Microelectromechanical technology is to explore components and systems with new principles and functions through miniaturization and integration of systems.

4 Development direction

In recent years, research and development of gas sensors have become increasingly important due to the increasing requirements for accuracy, performance, and stability of gas sensors in industrial production, home safety, environmental monitoring, and medical fields. With the application of advanced science and technology, the trend of gas sensor development is miniaturization, intelligence and multi-functionality.

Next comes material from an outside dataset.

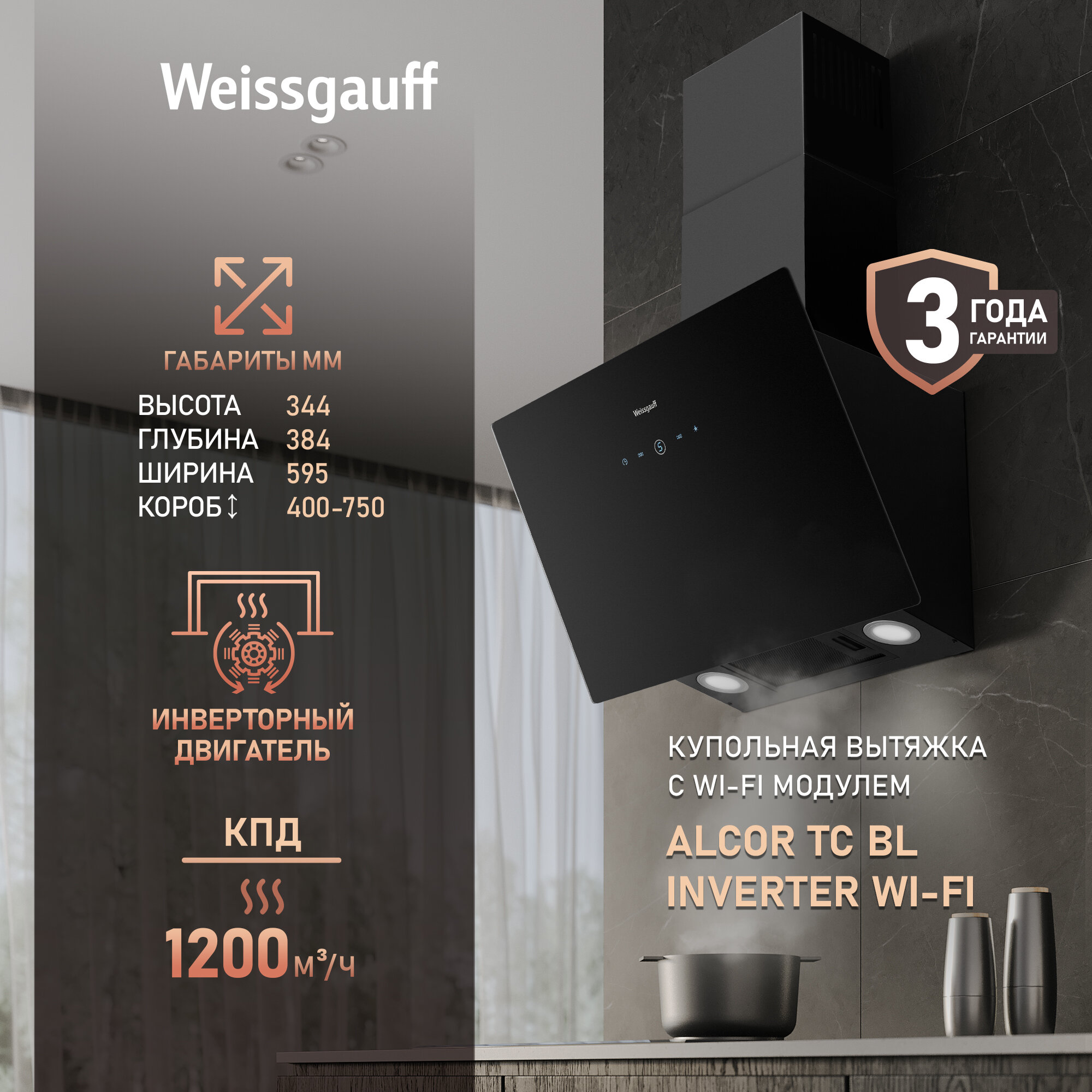 Вытяжки Купольная вытяжка c Wi-Fi и инвертором Weissgauff Alcor TC BL Inverter Wi-Fi, Алюминиевый жировой фильтр
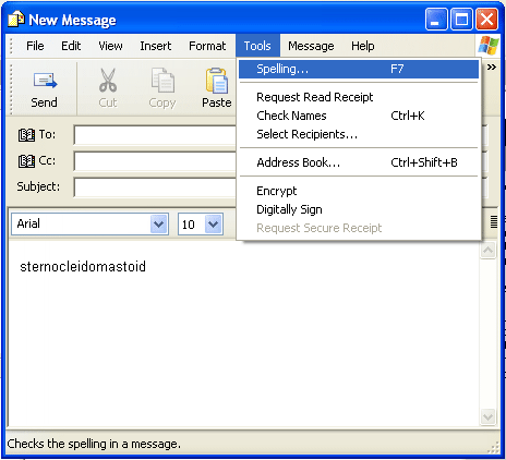 After having copied the file to the Microsoft Shared folder, run Outlook Express and open a document that you wish to spell check. Then, select "Tools", and then "Spelling."

In-depth study and master the characteristics and interactions of organic, inorganic, biological and various materials, understand the working principle and mechanism of various gas sensors, correctly select sensitive materials of various sensors, and flexibly use micro-machining technology and sensitive film formation Technology, microelectronics technology, fiber optic technology, etc., to optimize sensor performance is the development direction of gas sensors.
4.1 Research and development of new gas sensitive materials and production processes

Studies on gas sensor materials have shown that metal oxide semiconductor materials Zn0, SIlo2, Fe203, etc. have become more mature, especially in the detection of C ratio, C2H5OH, CO and other gases. At present, there are two main directions in this work: First, the chemical modification method is used to dope, modify and surface modification the existing gas sensitive membrane materials.

The film formation process is improved and optimized to improve the stability and selectivity of the gas sensor. Second, the development of new gas sensitive membrane materials, such as composite and hybrid semiconductor gas sensing materials, polymer gas sensing materials, etc. The new materials have high sensitivity, high selectivity and high stability for different gases. Organic polymer sensitive materials have become a research hotspot because of their rich materials, low cost, simple film forming process, easy compatibility with other technologies, and work at room temperature.

4.2 Development of a new gas sensor

Following the traditional principle of action and some new effects, the use of crystalline materials (silicon, quartz, ceramics, etc.) is preferred, and advanced processing techniques and microstructure design are used to develop new sensors and sensor systems, such as optical waveguide gas sensors and polymer sounds. Development and use of surface wave and quartz resonant gas sensors, research on microbial gas sensors and biomimetic gas sensors. With the application of new materials, new processes and new technologies, the performance of gas sensors is more perfect, which makes the miniaturization, miniaturization and multi-function of sensors have the advantages of long-term stability, convenient use and low price.

4.3 Gas sensor intelligence

With the continuous improvement of people's living standards and the increasing emphasis on environmental protection, the detection of various toxic and harmful gases, the monitoring of air pollution, industrial waste gas and the detection of the quality of food and living environment have all raised higher on gas sensors. Requirements. The successful application of new materials development technologies such as nanometer and thin film technology provides a good precondition for gas sensor integration and intelligence. Gas sensors will be developed on the basis of multi-disciplinary integrated technologies such as micromachine and microelectronics, computer technology, signal processing technology, sensing technology, fault diagnosis technology, and intelligent technology. The development of fully automatic digital intelligent gas sensors capable of simultaneously monitoring multiple gases will be an important research direction in this field.